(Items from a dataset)
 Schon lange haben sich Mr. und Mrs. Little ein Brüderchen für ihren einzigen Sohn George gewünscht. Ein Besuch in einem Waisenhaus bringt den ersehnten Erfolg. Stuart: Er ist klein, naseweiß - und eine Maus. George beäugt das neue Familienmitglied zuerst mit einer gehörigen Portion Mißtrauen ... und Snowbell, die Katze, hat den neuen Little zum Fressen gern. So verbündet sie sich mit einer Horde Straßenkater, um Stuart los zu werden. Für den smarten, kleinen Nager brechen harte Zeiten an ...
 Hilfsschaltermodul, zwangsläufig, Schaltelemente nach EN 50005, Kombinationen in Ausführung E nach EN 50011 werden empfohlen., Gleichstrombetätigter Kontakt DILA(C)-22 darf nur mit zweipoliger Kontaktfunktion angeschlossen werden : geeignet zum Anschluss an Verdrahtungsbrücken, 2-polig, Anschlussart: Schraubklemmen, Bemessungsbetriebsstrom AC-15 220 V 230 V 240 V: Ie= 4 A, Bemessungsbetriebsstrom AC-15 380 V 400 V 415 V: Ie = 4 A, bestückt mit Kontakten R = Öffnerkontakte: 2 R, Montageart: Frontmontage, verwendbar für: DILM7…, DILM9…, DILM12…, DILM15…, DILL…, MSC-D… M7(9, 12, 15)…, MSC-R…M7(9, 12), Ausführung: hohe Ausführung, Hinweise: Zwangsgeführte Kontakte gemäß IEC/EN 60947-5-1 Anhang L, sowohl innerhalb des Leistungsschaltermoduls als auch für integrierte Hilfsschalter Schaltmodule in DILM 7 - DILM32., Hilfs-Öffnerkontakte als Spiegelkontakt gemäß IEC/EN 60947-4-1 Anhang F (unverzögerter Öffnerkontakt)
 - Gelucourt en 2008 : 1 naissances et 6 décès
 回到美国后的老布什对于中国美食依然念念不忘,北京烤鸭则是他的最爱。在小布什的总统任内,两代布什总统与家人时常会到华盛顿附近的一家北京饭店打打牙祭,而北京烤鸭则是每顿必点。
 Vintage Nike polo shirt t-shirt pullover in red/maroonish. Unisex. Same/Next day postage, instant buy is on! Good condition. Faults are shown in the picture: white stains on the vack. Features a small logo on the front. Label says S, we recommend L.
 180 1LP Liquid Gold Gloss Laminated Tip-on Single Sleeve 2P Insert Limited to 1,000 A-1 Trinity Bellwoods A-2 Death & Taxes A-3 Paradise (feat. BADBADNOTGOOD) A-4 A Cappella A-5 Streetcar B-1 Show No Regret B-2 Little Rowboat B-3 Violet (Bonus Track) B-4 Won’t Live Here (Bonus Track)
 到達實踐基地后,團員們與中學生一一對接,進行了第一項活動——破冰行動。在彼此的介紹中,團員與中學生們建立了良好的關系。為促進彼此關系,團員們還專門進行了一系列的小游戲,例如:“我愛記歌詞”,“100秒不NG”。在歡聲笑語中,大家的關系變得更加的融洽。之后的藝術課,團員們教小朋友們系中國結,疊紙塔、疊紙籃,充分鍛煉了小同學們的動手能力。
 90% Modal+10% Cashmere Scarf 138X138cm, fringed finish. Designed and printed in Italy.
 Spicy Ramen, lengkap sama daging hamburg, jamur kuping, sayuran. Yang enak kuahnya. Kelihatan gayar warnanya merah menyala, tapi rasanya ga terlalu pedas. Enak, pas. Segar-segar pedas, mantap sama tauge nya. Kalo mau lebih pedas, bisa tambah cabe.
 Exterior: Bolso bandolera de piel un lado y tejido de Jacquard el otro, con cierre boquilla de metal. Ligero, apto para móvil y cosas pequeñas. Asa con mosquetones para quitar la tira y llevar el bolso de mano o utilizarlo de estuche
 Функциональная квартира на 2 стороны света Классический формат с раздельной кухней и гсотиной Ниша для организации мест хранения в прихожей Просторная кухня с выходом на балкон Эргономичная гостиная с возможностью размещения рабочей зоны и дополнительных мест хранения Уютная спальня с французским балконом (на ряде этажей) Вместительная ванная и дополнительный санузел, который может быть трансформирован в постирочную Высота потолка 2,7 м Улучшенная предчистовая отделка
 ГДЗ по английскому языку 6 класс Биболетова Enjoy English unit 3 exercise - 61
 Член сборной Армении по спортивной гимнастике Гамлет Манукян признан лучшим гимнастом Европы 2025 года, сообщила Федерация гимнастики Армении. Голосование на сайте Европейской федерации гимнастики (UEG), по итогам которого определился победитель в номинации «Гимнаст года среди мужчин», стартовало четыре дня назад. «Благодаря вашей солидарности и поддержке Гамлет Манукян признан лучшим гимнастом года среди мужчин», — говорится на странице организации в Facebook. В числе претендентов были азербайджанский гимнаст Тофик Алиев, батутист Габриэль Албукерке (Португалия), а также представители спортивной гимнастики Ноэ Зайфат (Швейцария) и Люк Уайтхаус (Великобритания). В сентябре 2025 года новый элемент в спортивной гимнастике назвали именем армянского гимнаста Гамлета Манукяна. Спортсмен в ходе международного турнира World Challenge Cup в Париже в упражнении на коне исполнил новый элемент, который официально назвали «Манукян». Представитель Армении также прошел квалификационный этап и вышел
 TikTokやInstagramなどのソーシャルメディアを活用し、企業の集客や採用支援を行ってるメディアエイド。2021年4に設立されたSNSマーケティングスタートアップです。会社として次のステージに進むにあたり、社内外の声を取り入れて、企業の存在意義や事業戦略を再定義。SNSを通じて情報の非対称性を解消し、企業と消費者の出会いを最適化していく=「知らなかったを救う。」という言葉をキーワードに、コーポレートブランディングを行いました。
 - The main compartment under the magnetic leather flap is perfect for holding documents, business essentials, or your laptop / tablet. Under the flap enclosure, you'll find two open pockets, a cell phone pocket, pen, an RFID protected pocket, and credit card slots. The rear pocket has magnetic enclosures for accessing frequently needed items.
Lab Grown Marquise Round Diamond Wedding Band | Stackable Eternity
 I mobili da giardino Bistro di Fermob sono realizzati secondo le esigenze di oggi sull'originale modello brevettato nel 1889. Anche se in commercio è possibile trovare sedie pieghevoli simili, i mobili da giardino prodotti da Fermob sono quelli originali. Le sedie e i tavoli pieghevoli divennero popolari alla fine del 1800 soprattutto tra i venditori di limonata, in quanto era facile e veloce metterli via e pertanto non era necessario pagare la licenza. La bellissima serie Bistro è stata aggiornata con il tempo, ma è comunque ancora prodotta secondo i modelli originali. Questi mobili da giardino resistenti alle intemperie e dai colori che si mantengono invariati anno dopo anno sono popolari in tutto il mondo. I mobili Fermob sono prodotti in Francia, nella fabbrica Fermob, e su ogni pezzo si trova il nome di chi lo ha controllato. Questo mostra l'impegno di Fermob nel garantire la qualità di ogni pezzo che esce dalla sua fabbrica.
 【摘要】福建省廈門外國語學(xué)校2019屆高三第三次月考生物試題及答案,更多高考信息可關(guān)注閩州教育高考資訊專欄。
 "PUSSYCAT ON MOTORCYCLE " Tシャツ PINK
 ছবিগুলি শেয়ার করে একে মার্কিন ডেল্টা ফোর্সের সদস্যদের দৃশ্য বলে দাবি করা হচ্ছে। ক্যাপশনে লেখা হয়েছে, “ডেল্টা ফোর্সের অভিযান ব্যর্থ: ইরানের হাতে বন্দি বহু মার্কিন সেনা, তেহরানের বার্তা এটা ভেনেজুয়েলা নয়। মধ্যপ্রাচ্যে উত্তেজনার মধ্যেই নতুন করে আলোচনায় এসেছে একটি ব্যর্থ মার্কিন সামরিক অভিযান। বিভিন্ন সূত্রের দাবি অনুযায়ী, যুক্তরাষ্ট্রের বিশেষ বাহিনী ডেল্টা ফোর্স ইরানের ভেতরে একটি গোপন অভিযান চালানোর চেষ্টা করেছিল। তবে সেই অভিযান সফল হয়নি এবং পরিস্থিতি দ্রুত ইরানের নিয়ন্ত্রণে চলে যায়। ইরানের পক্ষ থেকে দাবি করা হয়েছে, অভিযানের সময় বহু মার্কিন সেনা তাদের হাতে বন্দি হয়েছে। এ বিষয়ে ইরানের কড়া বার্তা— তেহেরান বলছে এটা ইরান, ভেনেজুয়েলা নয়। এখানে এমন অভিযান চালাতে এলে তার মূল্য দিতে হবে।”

**Activity:**
Copy out the range of lines above starting at the line with "Член сборной Армении" and ending at the line with "TikTokやInstagr", exactly and including both.

**Completed exercise:**
 Член сборной Армении по спортивной гимнастике Гамлет Манукян признан лучшим гимнастом Европы 2025 года, сообщила Федерация гимнастики Армении. Голосование на сайте Европейской федерации гимнастики (UEG), по итогам которого определился победитель в номинации «Гимнаст года среди мужчин», стартовало четыре дня назад. «Благодаря вашей солидарности и поддержке Гамлет Манукян признан лучшим гимнастом года среди мужчин», — говорится на странице организации в Facebook. В числе претендентов были азербайджанский гимнаст Тофик Алиев, батутист Габриэль Албукерке (Португалия), а также представители спортивной гимнастики Ноэ Зайфат (Швейцария) и Люк Уайтхаус (Великобритания). В сентябре 2025 года новый элемент в спортивной гимнастике назвали именем армянского гимнаста Гамлета Манукяна. Спортсмен в ходе международного турнира World Challenge Cup в Париже в упражнении на коне исполнил новый элемент, который официально назвали «Манукян». Представитель Армении также прошел квалификационный этап и вышел
 TikTokやInstagramなどのソーシャルメディアを活用し、企業の集客や採用支援を行ってるメディアエイド。2021年4に設立されたSNSマーケティングスタートアップです。会社として次のステージに進むにあたり、社内外の声を取り入れて、企業の存在意義や事業戦略を再定義。SNSを通じて情報の非対称性を解消し、企業と消費者の出会いを最適化していく=「知らなかったを救う。」という言葉をキーワードに、コーポレートブランディングを行いました。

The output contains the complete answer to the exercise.